The daily feed intake of sows was not affected by dietary treatment, but lactating sows had a greater (P < 0.05) daily feed intake than gestating sows (Table 1). Lactating sows had also a greater (P < 0.01) ATTD of DM, OM, GE, NDF, and digestible energy than gestating sows, regardless the source of diet used. In addition, the ATTD of DM, OM, GE, and NDF was greater (P < 0.01) for the basal diet than for diets containing FFRB or DFRB regardless of physiological stage of sows, but the concentration of digestible energy was greater (P < 0.01) in diets containing FFRB than in diet containing DFRB or basal diet. Full fat rice bran had a greater (P < 0.01) ATTD of GE, DM, and NDF and digestible energy than sows fed DFRB. Lactating sows had also greater (P < 0.01) ATTD of P than gestating sows, regardless the source of diet used. However, the ATTD of P was increased (P < 0.05) in basal diet, than if rice bran was included to the diets. In addition, this increasing was greater (P < 0.05) if basal diet was fed by lactating sows, but this was not the case for gestating sows (interaction, P < 0.05).


Key points

  • Lactating sows have greater digestibility of GE, DM, NDF, and P than gestating sows.
  • The hypothesis that ATTD of GE and nutrients is not different between gestating and lactating sows was rejected.
  • Full fat rice bran has greater concentration of digestible energy compared with DFRB, regardless of physiological stage of sows.

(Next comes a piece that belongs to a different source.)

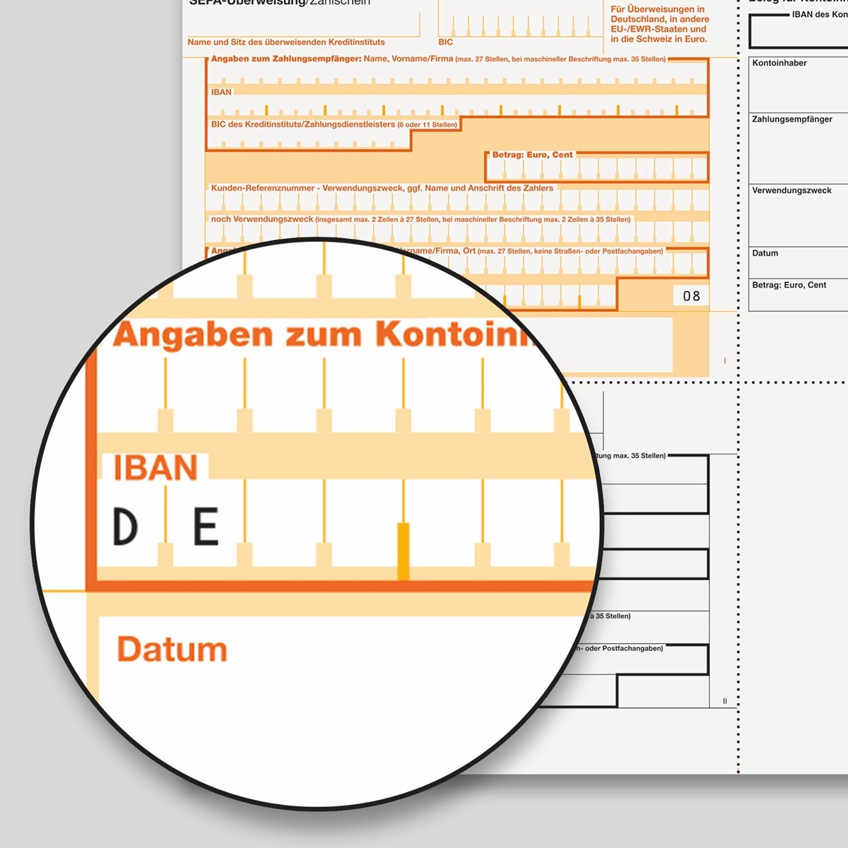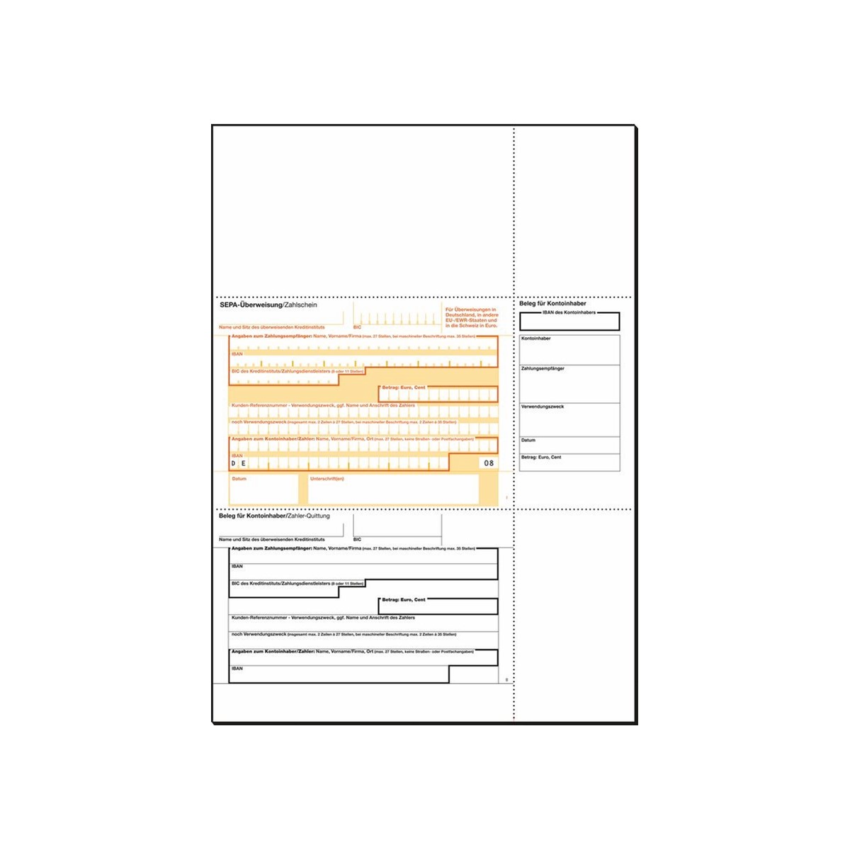 PC-SEPA-Überweisung/Zahlschein zum Ausfüllen mit PC und Drucker. Für Überweisungen in Deutschland, in andere EU-/EWR-Staaten und in die Schweiz in Euro. Gültig für alle Banken und Sparkassen. Beleglesefähiges OCR-Spezialpapier in 90 g/m², geeignet für alle Inkjet- und Laser-Drucker. Die ultrafeine Microperforation sorgt für leichtes Abtrennen der Formulare und exakte Kanten. Im Lieferumfang sind 100 Blatt im Format DIN A4 enthalten.

Table 1. Effects of reproductive stage of sows on apparent total tract digestibility (ATTD) of gross energy (GE), dry matter (DM), neutral detergent fiber (NDF), and P, and concentration of digestible energy (DE) in a corn-soybean meal basal diet and in diets containing full fat rice bran (FFRB) and defatted rice bran (DFRB)1

  • a - eValues within a row lacking a common superscript letter are different (P < 0.05).
  • 1Data are means of 8 observations per treatment.